- _WHAT YOU WILL DO_: Excluding pictures, transcribe precisely the lines from the one containing "ACAGET Wireless Headphones" to the final line of the listing below, inclusive, and nothing more.

- _DATASET EXTRACT_:
#####

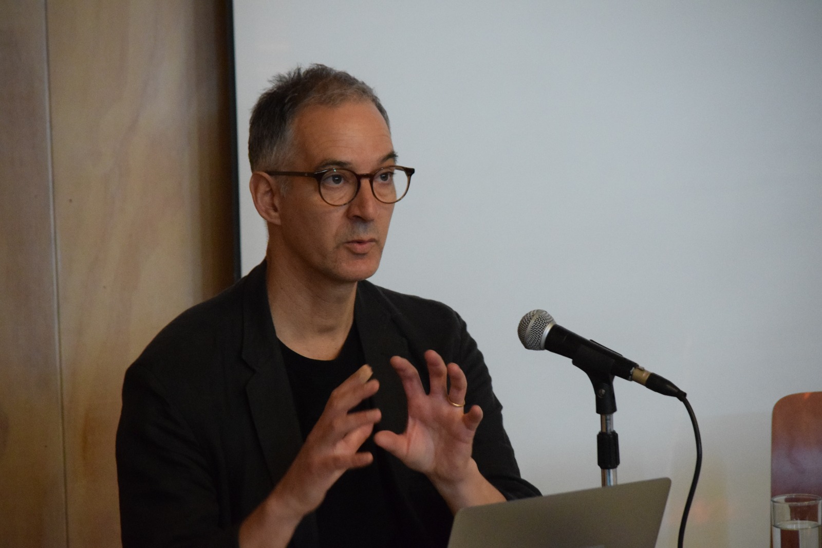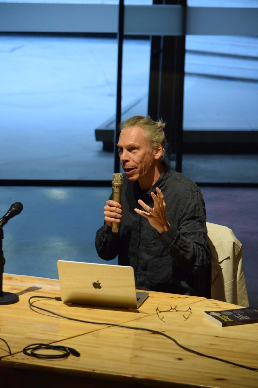 La segunda conferencia, Architecture as a Planetary Medium, fue dictada por el arquitecto Dietmar Offenhuber, académico de Departamento de Arte + Diseño en Northeastern University, y profundizó en la relación entre infraestructuras, datos e inteligencias territoriales. Offenhuber invitó a reconsiderar la arquitectura más allá de los objetos construidos, planteando que ésta puede operar como un medio capaz de registrar, revelar y modelar dinámicas microscópicas que no aparecen a simple vista. Su charla conectó con diversas mesas dedicadas a tecnologías, sensores ciudadanos y visualización crítica de sistemas ambientales.
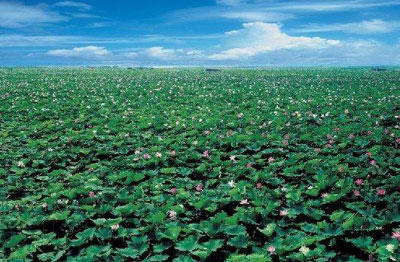 白水塘是陆良县最大的内陆湖泊,现有水域面积5000多亩,四周良田万顷,村宇环绕,交通便利,区位极佳。夏日荷叶连田,芙蓉映碧鱼跃鸟飞;秋天稻香千里,遍地黄金,好一派江南水乡之美境。每值仲夏都有上万游客络绎不绝到此享受"稻花香里说丰年"、"蛙声伴乐赏芙蓉"、"醉倒游客一满塘"的意境。
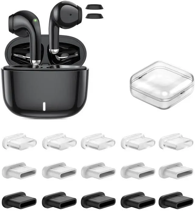 ACAGET Wireless Headphones + 15 Pcs USB Type C Anti Dust Caps for Samsung iPhone iPad and More USB C Devices, Noise Canceling Wireless Bluetooth Earbuds & 15 Pcs Dustproof Cover Cap with Storage Case
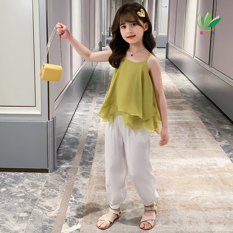 ชุดเด็กผู้หญิง Kesorn Shop เสื้อสายเดี่ยวสีเขียวและกางเกงขายาวสีขาว ชุดแฟชั่นใหม่สไตล์ตะวันตกสลิงด้านบน ผ้าฝ้ายผสม ใส่สบาย ชุดเด็กผู้หญิง สไตล์ น่ารักน่ารัก สำหรับเด็กผู้หญิง เสื้อผ้าเด็กน่ารัก เสื้อผ้าเด็ก เสื้อแขนสัน กางเกงขายาว Baby clothes Deni

#####

- _PROBLEM SOLUTION_:
 ACAGET Wireless Headphones + 15 Pcs USB Type C Anti Dust Caps for Samsung iPhone iPad and More USB C Devices, Noise Canceling Wireless Bluetooth Earbuds & 15 Pcs Dustproof Cover Cap with Storage Case
 ชุดเด็กผู้หญิง Kesorn Shop เสื้อสายเดี่ยวสีเขียวและกางเกงขายาวสีขาว ชุดแฟชั่นใหม่สไตล์ตะวันตกสลิงด้านบน ผ้าฝ้ายผสม ใส่สบาย ชุดเด็กผู้หญิง สไตล์ น่ารักน่ารัก สำหรับเด็กผู้หญิง เสื้อผ้าเด็กน่ารัก เสื้อผ้าเด็ก เสื้อแขนสัน กางเกงขายาว Baby clothes Deni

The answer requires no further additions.